---
title: "Introduction to Predictive Models"
subtitle: "IN2004B: Generation of Value with Data Analytics"
author: 
  - name: Alan R. Vazquez
    affiliations:
      - name: Department of Industrial Engineering
format: 
  revealjs:
    chalkboard: false
    multiplex: false
    footer: "Tecnologico de Monterrey"
    logo: IN2004B_logo.png
    css: style.css
    slide-number: True
    html-math-method: mathjax
editor: visual
jupyter: python3
---


## Load the libraries

</br>

Before we start, let's import the data science libraries into Python.


In [None]:
#| echo: true
#| output: false

import pandas as pd
import matplotlib.pyplot as plt
import seaborn as sns
from sklearn.model_selection import train_test_split
from sklearn.linear_model import LinearRegression
from sklearn.metrics import mean_squared_error

Here, we use specific functions from the **pandas**, **matplotlib**, **seaborn** and **sklearn** libraries in Python.

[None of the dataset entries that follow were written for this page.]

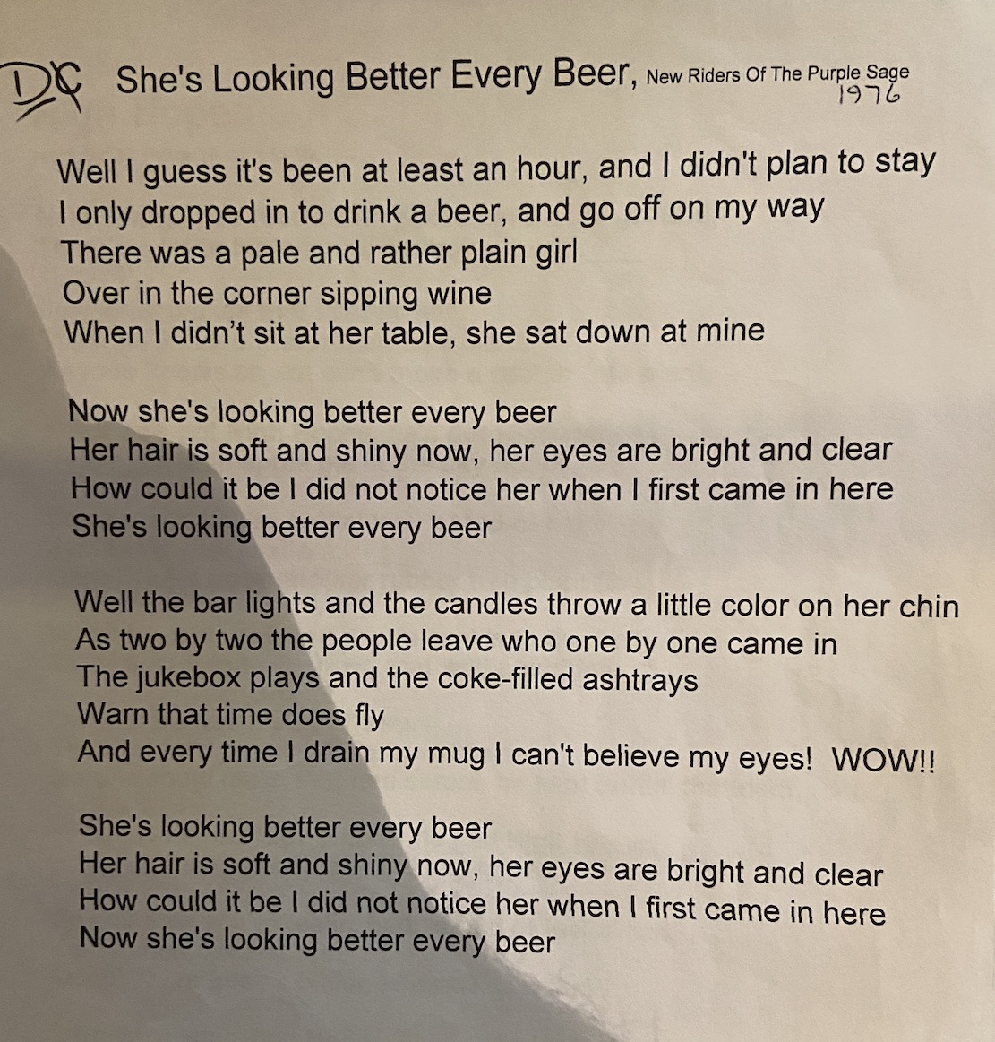 She's Looking Better Every Beer Lyrics: John Shine Music: John Shine Intro AGD D G Well I guess it's been at least an hour, and I didn't plan to stay A D I only dropped in to drink a beer, and float off on my way G It was a pale and rather plain girl over in the corner sipping wine A D When I did not sit down at her table, she sat down at mine Chorus G D And she's looking better every beer A D Her hair is soft and shiny now, her eyes are bright and clear G D How could it be I didn't notice her when I first came in here A D Now she's looking better every beer D G Well the bar lights and the candles throw a little color on the chin A D And two by two the people leave who one by one came in D G The jukebox plays and the coke-filled ashtrays warns the time that flies A D And every time I drain my mug I can't believe my eyes Chorus G D And she's looking better every beer A D Her hair is soft and shiny now, her eyes are bright and clear G D How could it be I didn't notice her when I first came in here A D Now she's looking better every beer
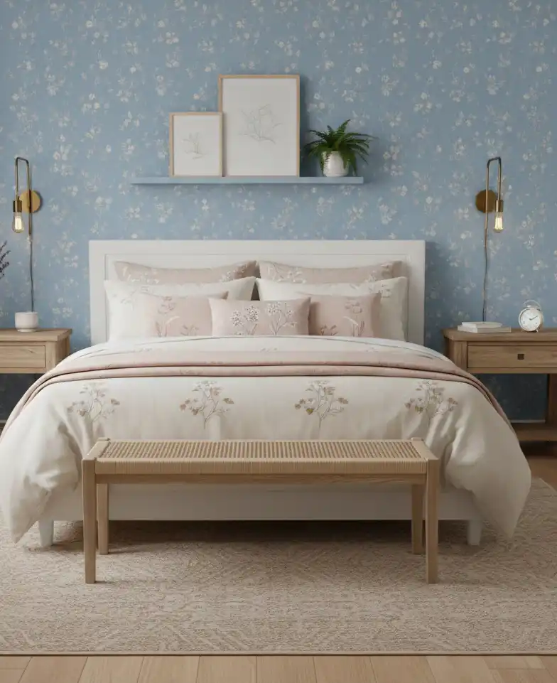 A cozy cottage-style bedroom with a modern twist, featuring ...
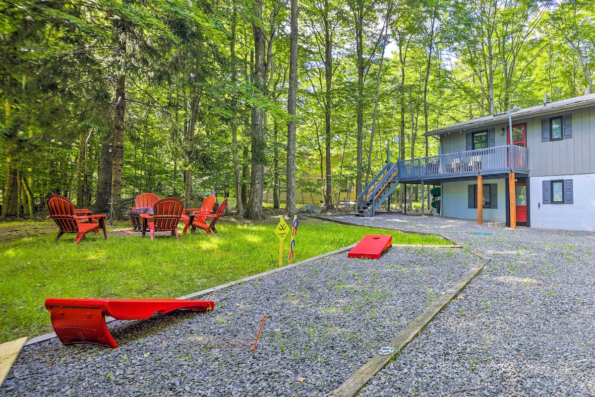 Game Room & Fire Pit: Tree-Lined Pocono Lake Cabin

## Main data science problems

</br>

[**Regression Problems**]{style="color:green;"}. The response is numerical. For example, a person's income, the value of a house, or a patient's blood pressure.

[**Classification Problems**]{style="color:blue;"}. The response is categorical and involves *K* different categories. For example, the brand of a product purchased (A, B, C) or whether a person defaults on a debt (yes or no).

The predictors ($\boldsymbol{X}$) can be *numerical* or *categorical*.

## Main data science problems

</br>

[**Regression Problems**]{style="color:green;"}. The response is numerical. For example, a person's income, the value of a house, or a patient's blood pressure.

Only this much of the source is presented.